My youngest child turned 12 last November. During the months leading up to his birthday, I looked for signs of change but didn’t see any evidence to support what happened to his older brother and sister around this age.
For the two of them, it was like clockwork — they morphed into two humans I barely recognized just before turning twelve.
They used to tell me about their day and want to share pieces of their social life, like who they sat with at lunch and if their best friend hurt their feelings. Then suddenly, they started responding to me with shoulder shrugs and mutters.
They used to get excited about going for family bike rides and ice cream cones, but that all flew out the window when they turned 12 — their enthusiasm replaced by video games, spending time alone in their room, or wanting friends to come over.

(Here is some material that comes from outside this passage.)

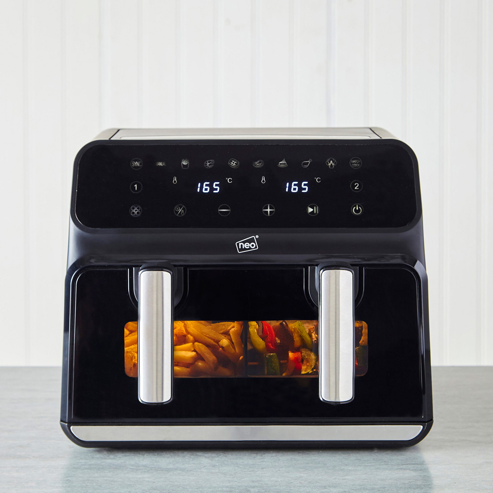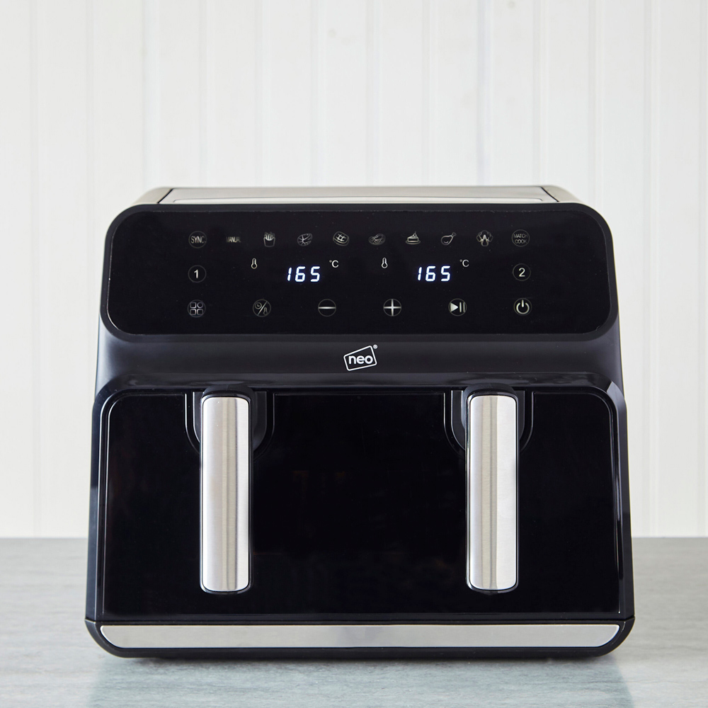 Whether you’re looking to cook crispy chips or roast a chicken, this air fryer from Neo can do it all. The 8.5L capacity means you can comfortably cook for the whole family, featuring the 4-in-1 versatility: Air Fry, Roast, Reheat, and Dehydrate. The digital display with a touch screen panel helps plan your preparation time. The double drawer feature allows you to cook different foods together. There is also an option to remove the internal divider to create one larger drawer. Double layer heat resistant tempered glass door can keep all the heat inside the device when cooking. You can also watch the progress of your food without needing to open the drawer. The air fryer is fitted with an automatic switch-off turning off the air fryer, so there is no danger of overcooking your food. Save time and cook healthy meals easier than ever, all at the touch of a button. Happy Frying!

Instead of becoming more aware of people, their surroundings, and how their actions and tone of voice affected others, they seemed to notice less.
And their moodiness left me grabbing for every book I could get my hands on about the teenage brain.
Were they depressed? Was this normal? Am I doing enough to help them? How did I raise such ungrateful kids?
Then I talked to about a dozen other parents who all agreed — 12 is where everything changes.
Sure, I remembered being a teenager and hating my life at times. My social life was front and center and came before anything else, including outings with my mom. I thought my parents were dumb and I knew way more about life than they did, but I hadn’t been this bad … had I?
According to my mother, I was. And it started around my 12th birthday.
I celebrated my son on his 12th birthday in his way. He didn’t want a party with his friends. He wanted chicken nuggets and french fries. And he wanted to have his cousins, aunts and uncles, grandmother and father all in one place to eat peanut butter pie. So, that’s what we did.
He asked for a mini-telescope, and wanted to walk around Target to pick out some Flarp slime and he somehow talked me into letting him get a whoopie cushion. I was so consumed with the fact he was still the same child he’d always been, feeling hopeful that he wouldn’t go through the Terrible Twelves like his brother and sister did, that I’m sure he could smell it.
He was still very much a child who liked to talk. He still hugged me. He still thought I was awesome and wanted to spend time with me.
This is 12 for him, I thought. And I was clinging to it.
And then, overnight, he changed.
Instead of wanting to watch a family movie and make popcorn (one of his favorite things to do), he started staying in his room for hours. I’d check on him and find him lying on the floor doodling in his notebook or lost in thought staring at the ceiling. He became annoyed when I asked him if everything was all right.
“I just want to be alone, Mom,” he’d tell me.
There was a time in my life when my kids were up my ass all the time and, honestly, having a kid tell me they wanted to be alone would have sounded like a dream at one point. It would have been my pleasure to go to the bathroom by myself, eat an entire sandwich without their hands grabbing at me, or not have to help them find the tiny, missing LEGO piece.
But then they grow up. They turn 12. They start actually asking you to leave them alone. Nothing about that feels natural to you as a mom, and I don’t like this phase at all.
Screw you, 12.
I miss the eagerness my kids used to have. I’d give anything to see them run around the house like their hair’s on fire because we are going to get a Happy Meal.
I’d rather lose sleep because they’re sick, had a bad dream, or don’t want to sleep alone than lose sleep staying up worrying about their well-being because they are quiet, moody, or seemed on edge after school.
Twelve has a way of taking your kids and trying to squeeze the child out of them.
Twelve is confusing.
Twelve is lonely.
Twelve is asking your kids to change before they are ready.
Twelve forces you to learn how to parent in a whole different way.
Twelve has grit and endurance. It’s relentless and makes you feel like you have been bolted out of their lives.
But one thing I see in my two older kids, who will be 16 and 14 this year, gives me hope: They are coming back around.
They’ve started talking more and letting me peek into their lives again without me having to constantly ask for it.
Their hugs feel sincere. They have ventured out of their rooms more. And their moods have leveled out to a manageable level.
It took a few years, and I will miss my youngest as he navigates his way through his 12th year (and probably most of his 13th), but he knows I will be waiting for him on the other side of this.
So, if you are a parent with a child who is approaching their 12th year, or are smack dab in the middle of it and wonder when they are going to come out of it, I promise you, it will get better.
But in the meantime, do your best to not take it personally. Do what you feel is right as their parent, and treat yourself to some comfort food once in a while (even if they don’t want to eat with you). These are the best elixirs I’ve found so far.